斯くして、日本軍は悪であり、沖縄県民は被害者という単純な構図だけが出来上がりました。これで得してるのは誰でしょう。

確かに戦災を被った国民全員を救済するのは貧乏国家だった当時の日本政府には困難だったでしょう。それならそれで、政府が中心になって沖縄県民を救済する基金を設けて、民間などからの寄付を募って浄財で救済を試みる方法論だってあったはずです。しかし、そんなことをするよりも皆平等に扱うという建前論で逃げたつけが此処までになってるんですから。

ですから政府が責任を追及されないとは私はいいません。しかし「白」か「黒」かという単純な話しではないということも理解して、もしもハッキリさせたいというのなら、個々の事件をそれぞれ分析していくしかないのではと思います。

何時から日本人は、こんな単純な思考回路に成り下がったのか、そちらの方こそ私には追求すべき課題だと思えて仕方がありません。
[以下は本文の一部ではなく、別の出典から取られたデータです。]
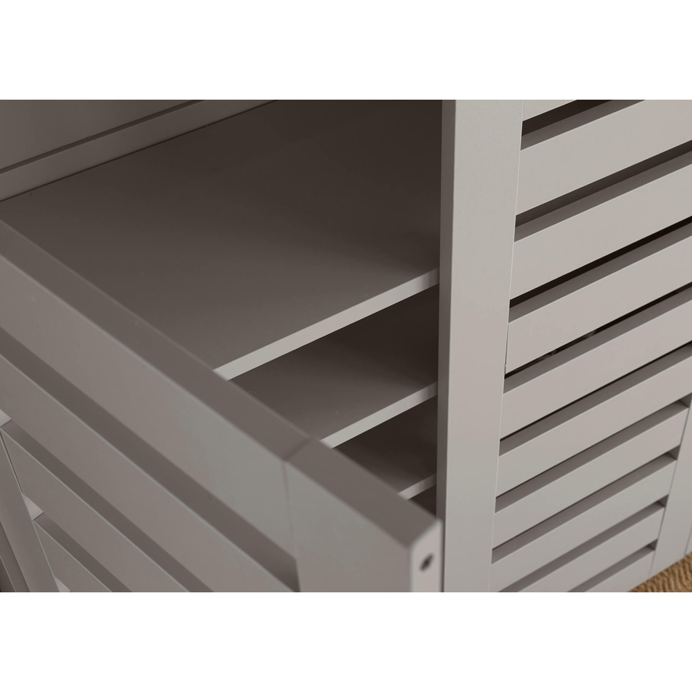 Searching for the perfect shoe storage solution? This grey, three-door shoe cabinet offers a sleek and minimalist design that effortlessly complements any home décor. Ideal for households seeking to declutter, it provides ample space to neatly store footwear, keeping your living area tidy and organised. Your footwear is easily accessed through the simple-to-open, slatted cabinet doors, maintaining a clean and modern aesthetic. An elegant but modest addition to any home. Dimensions: (W) 114cm x (D) 33.6cm x (H) 98.2cm.
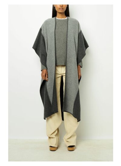 Poncho bi-colore gris et anthracite en laine mélangée. A porter avec une ceinture pour un look plus sophistiqué.
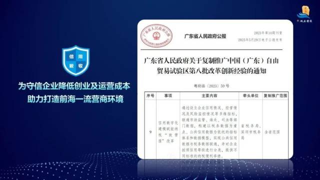 前海税务局还创新了“信用+托管”“信用+优惠认定”“信用+文书送达”“信用+司法执行”“信用+融资”等多部门联合激励应用场景,使信用建设成为社会治理重要组成部分。以“信用+司法执行”为例,前海法院依托“信用税收”项目制定保障前海蛇口自贸片区诚信建设指引,对信用等级较高且无不良司法记录的企业采取更灵活更温和的执行措施,保障企业正常经营。目前“信用税收”项目协助前海法院办结诚信企业案件573件,涉及诚信企业119家,结案标的额达6.07亿元。
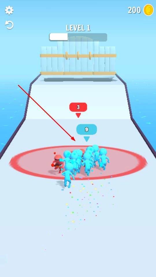 当遭遇敌人(例如红方角色)时,指挥己方壮大后的队伍对其实施包围并发起攻击。借助数量上的优势击溃对手,以此推进关卡的进程。
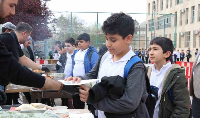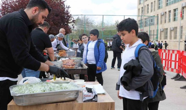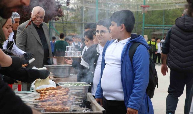 Şanlıurfa'da Prof. Dr. Necmettin Erbakan İmam Hatip Ortaokulu'nda öğrencilere kebap ikramı yapıldı. Okul bahçesinde kurulan mangallarda, kömür ateşinde pişirilen tavuk incik kebabı, sıraya giren öğrencilere dürüm halinde dağıtıldı. Öğrenciler, kendilerine ikram edilen kebabı okul bahçesinde yedi.

このページは xfy Blog Editor を利用して作成されました。

2007年9月21日 (金)

リタリーナー

依存性の高い向精神薬「リタリン」の乱用が広がっている問題で、製造・販売元の「ノバルティスファーマ」(東京都港区)が、適応症から難治性・遷延性鬱病を削除する方向で検討していることが報じられています。それによると、ノバルティス社は関係学会や厚生労働省の了解が得られ次第、同省薬事・食品衛生審議会に自主的に削除を申請する方針だそうです。目的は鬱病への処方の全面禁止によって、「リタリン」乱用への大きな歯止めとしたいからです。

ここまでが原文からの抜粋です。